JAKARTA, GRESNEWS.COM - Pemerintah hingga kini dinilai belum serius menangani permasalahan masyarakat adat. Pemerintah dinilai seringkali mengabaikan hak ulayat masyarakat dan belum memenuhi amanat UUD 1945.

Sekretaris Jenderal (Sekjen) Aliansi Masyarakat Adat Nusantara (AMAN) Abdon Nababan mengatakan, hampir 70 tahun sejak berlakunya UUD 1945, pemerintah belum menentukan sikap untuk pembelaan hak-hak masyarakat adat. Abdon menegaskan, tolok ukur ketidakhadiran negara dilihat dari belum adanya UU Pelaksanaan khusus bagi masyarakat adat.

"Hak masyarakat adat harus diakui negara. 70 tahun hak itu masih terabaikan. Pembiaran ini menjadi alasan konflik dan perampasan hak ulayat terus berlanjut," kata Abdon dihubungi Gresnews.com, JumĀ“at (17/4).

Abdon menggarisbawahi, kebijakan one map policy kini harus menjadi prioritas pemerintah. Pasalnya, sejauh ini kebijakan one map policy belum dimasukkan dalam administrasi ruang wilayah adat. Abdon menilai, jika kebijakan one map policy tersebut tidak direspons serius pemerintah, maka perampasan dan konflikĀ  ulayat akan terus mengorbankan masyarakat adat.

"Pemerintah harus segera mengintegrasikan peta-peta wilayah adat sesuai yang diberikan AMAN kepada Menteri Kehutanan dan Lingkungan Hidup. Ini sangat penting diberlakukan agar tanah-tanah adat masyarakat dapat terintegrasi dan dijamin negara," ujar Abdon.

Solusinya, Abdon berharap, DPR atau lembaga legislatif segera mendorong RUU Masyarakat Adat. Pihak AMAN berharap, RUU perlu dipercepat proses pembahasannya agar bisa segera disahkan oleh pemerintah tahun 2015 ini.

Abdon mengakui, RUU tersebut sedang diproses DPR statusnya belum rampung 100 persen. Rancangan yang sudah diproses mencapai 80 persen. Salah satu aspek yang masih dikaji yaitu terkait moratorium izin-izin baru. Dimana, secara spesifik menyangkut one map policy izin-izin yang masih tumpang tindih.

Selain itu, masih dikaji juga usulan Aman yang meminta pembentukan Komisi Nasional (Komnas) urusan masyarakat adat yang sifatnya independen dan permanen. AMAN menilai, Komnas tersebut dibentuk karena selama ini koordinasi lintas sektor khususnya menyangkut masyarakat adat masih lemah.

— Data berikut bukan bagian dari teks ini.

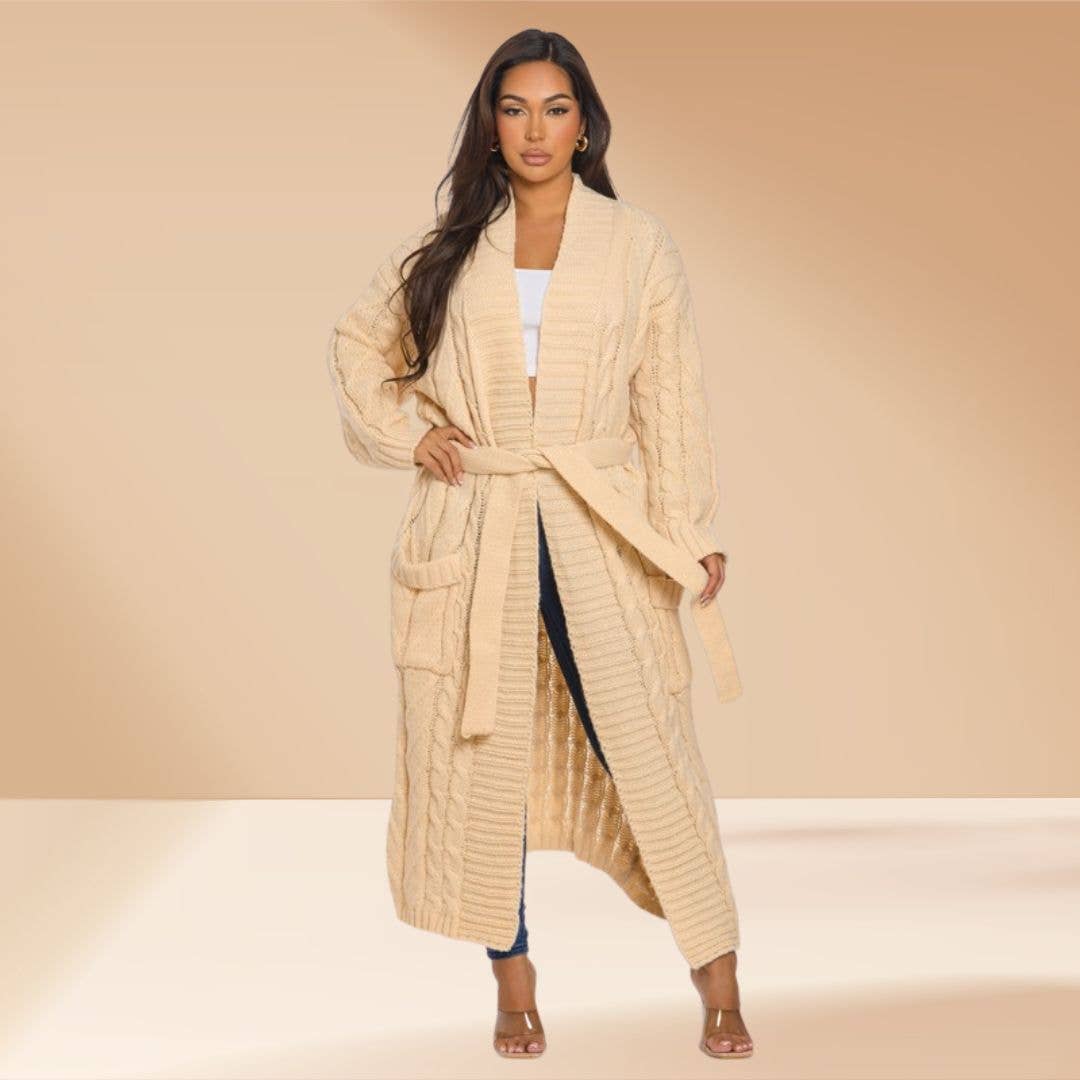 -Ensemble de salon 3 pièces -Pantalon large à taille élastique -Haut sans manches à hauteur de taille -Cardigan long ouvert avec fentes latérales et poches avant

"RUU tersebut tinggal 20 persen lagi dimana yang belum tuntas adalah menyangkut moratorium perizinan baru dan proses pembentukan kelembagaan Komnas masyarakat adat," kata Abdon.

Sebelumnya, Komisi II DPR telah memulai pembahasan tentang RUU Pertanahan. Komisi II optimistis mampu menyelesaikan RUU tersebut pada 2015 ini karena draf tersebut sudah masuk dalam prolegnas 2015.

Wakil Ketua Komisi II DPR Lukman Edy mengatakan, saat ini sejumlah masalah pertanahan di Indonesia diantaranya tumpang tindih kepemilikan lahan yang berpotensi menimbulkan konflik vertikal dan hotizontal. Salah satunya adalah pengakuan atas tanah adat atau ulayat.

"Masyarakat hukum adat wajib diakui oleh negara sehingga perlu ada penguatan, revitalisasi, dan regulasi yang jelas," katanya.